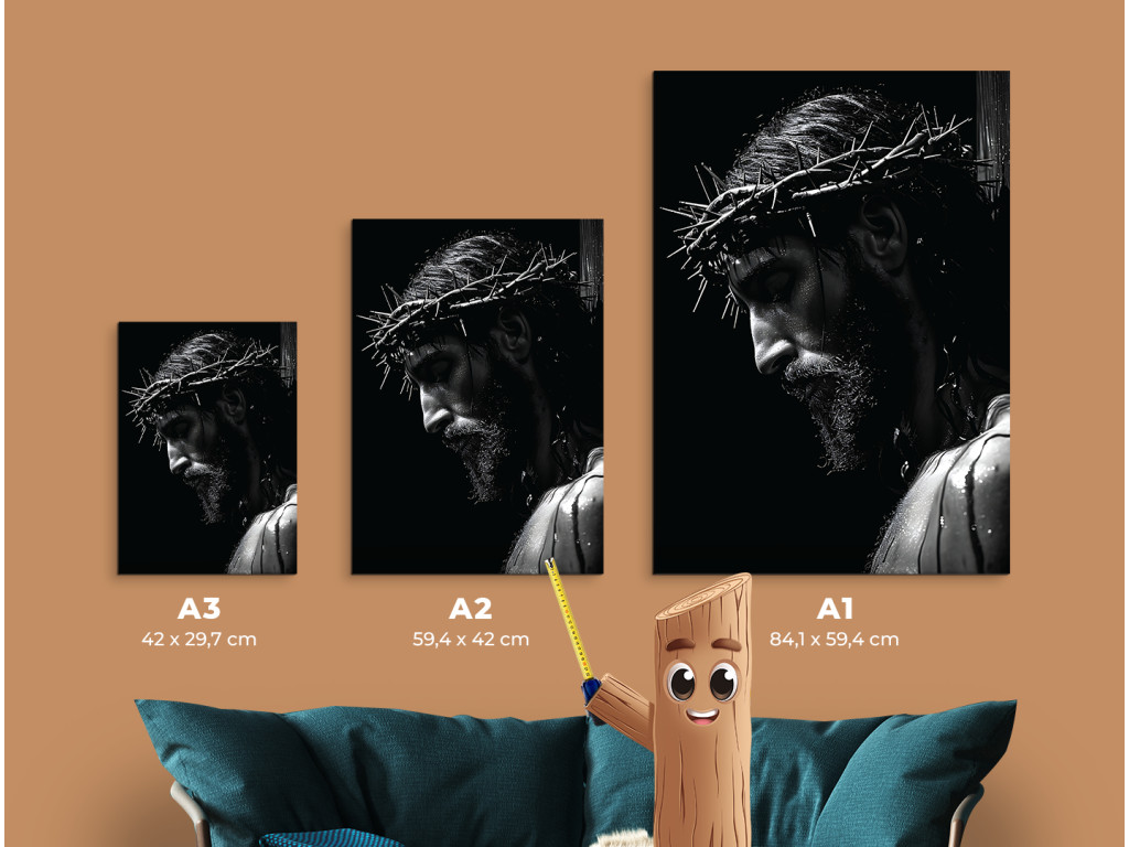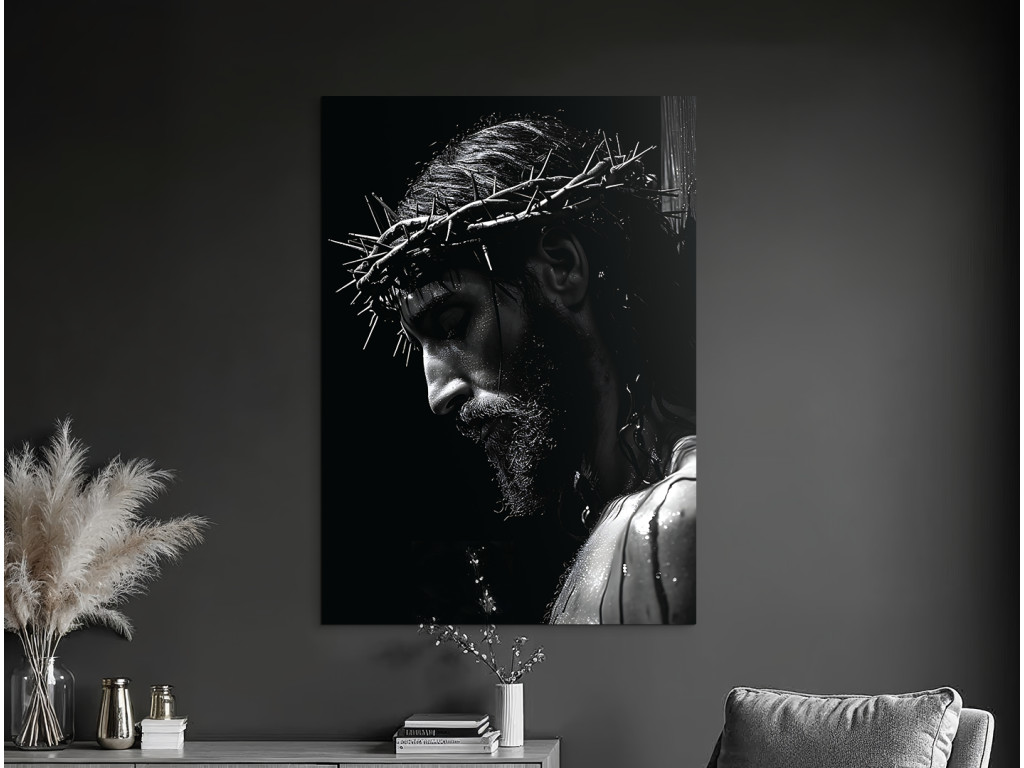 Das Schwarz-Weiß-Bild zeigt das Gesicht Jesu Christi mit der Dornenkrone, versunken in tiefes Leiden und Schweigen. Die minimalistische Gestaltung in Schwarz-, Grau- und Weißtönen verstärkt die emotionale Kraft des Ausdrucks, der voller Schmerz, Demut und Opferbereitschaft ist. Dieses Werk wirkt zeitlos und kontemplativ, lädt zum Innehalten und Mitgefühl ein.
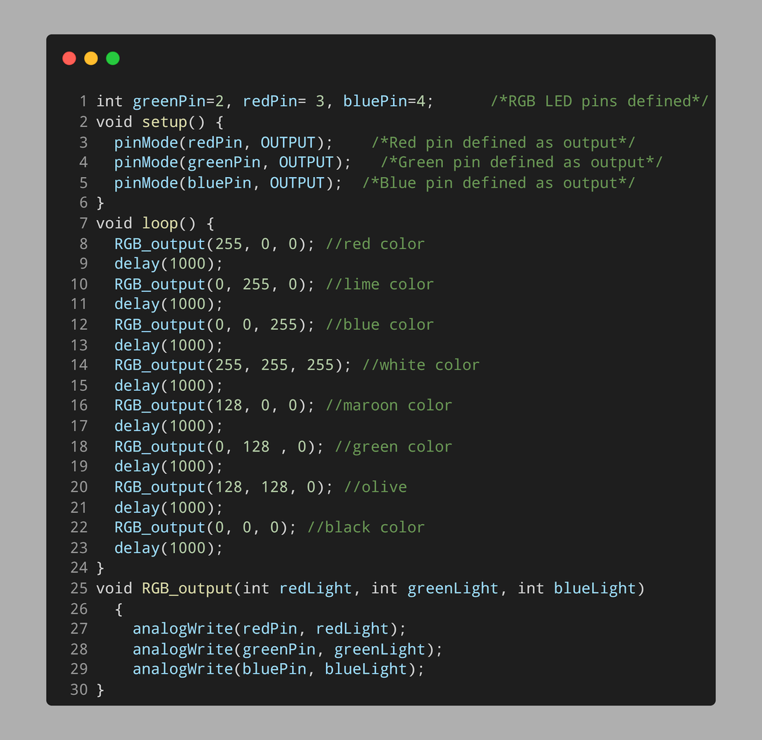 пустая петля(){ RGB_выход(255, , ); //Установите цвет RGB на красный задерживать(1000); RGB_выход(, 255, ); //Установите цвет RGB на лайм задерживать(1000); RGB_выход(, , 255); //Установите цвет RGB на синий задерживать(1000); RGB_выход(255, 255, 255); //Установите цвет RGB на белый задерживать(1000); RGB_выход(128, , ); //Установите цвет RGB на бордовый задерживать(1000); RGB_выход(, 128, ); //Установите цвет RGB на зеленый задерживать(1000); RGB_выход(128, 128, ); //Установите цвет RGB на оливковый задерживать(1000); RGB_выход(, , ); //Установите цвет RGB на черный задерживать(1000);}
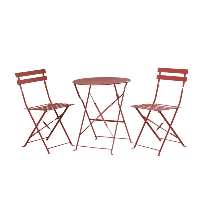 L'ensemble bistro Peps terracotta, composé d'une table et de deux chaises pliantes en métal, offre une solution compacte et pratique pour les petits espaces. Son design moderne et sa couleur naturelle créent une ambiance conviviale sur une terrasse ou un balcon, avec un entretien simplifié.

******

▸ TASK DETAILS
Apart from the pictures, repeat the data above exactly.

▸ SOLUTION TO THIS PROBLEM
 Das Schwarz-Weiß-Bild zeigt das Gesicht Jesu Christi mit der Dornenkrone, versunken in tiefes Leiden und Schweigen. Die minimalistische Gestaltung in Schwarz-, Grau- und Weißtönen verstärkt die emotionale Kraft des Ausdrucks, der voller Schmerz, Demut und Opferbereitschaft ist. Dieses Werk wirkt zeitlos und kontemplativ, lädt zum Innehalten und Mitgefühl ein.
 пустая петля(){ RGB_выход(255, , ); //Установите цвет RGB на красный задерживать(1000); RGB_выход(, 255, ); //Установите цвет RGB на лайм задерживать(1000); RGB_выход(, , 255); //Установите цвет RGB на синий задерживать(1000); RGB_выход(255, 255, 255); //Установите цвет RGB на белый задерживать(1000); RGB_выход(128, , ); //Установите цвет RGB на бордовый задерживать(1000); RGB_выход(, 128, ); //Установите цвет RGB на зеленый задерживать(1000); RGB_выход(128, 128, ); //Установите цвет RGB на оливковый задерживать(1000); RGB_выход(, , ); //Установите цвет RGB на черный задерживать(1000);}
 L'ensemble bistro Peps terracotta, composé d'une table et de deux chaises pliantes en métal, offre une solution compacte et pratique pour les petits espaces. Son design moderne et sa couleur naturelle créent une ambiance conviviale sur une terrasse ou un balcon, avec un entretien simplifié.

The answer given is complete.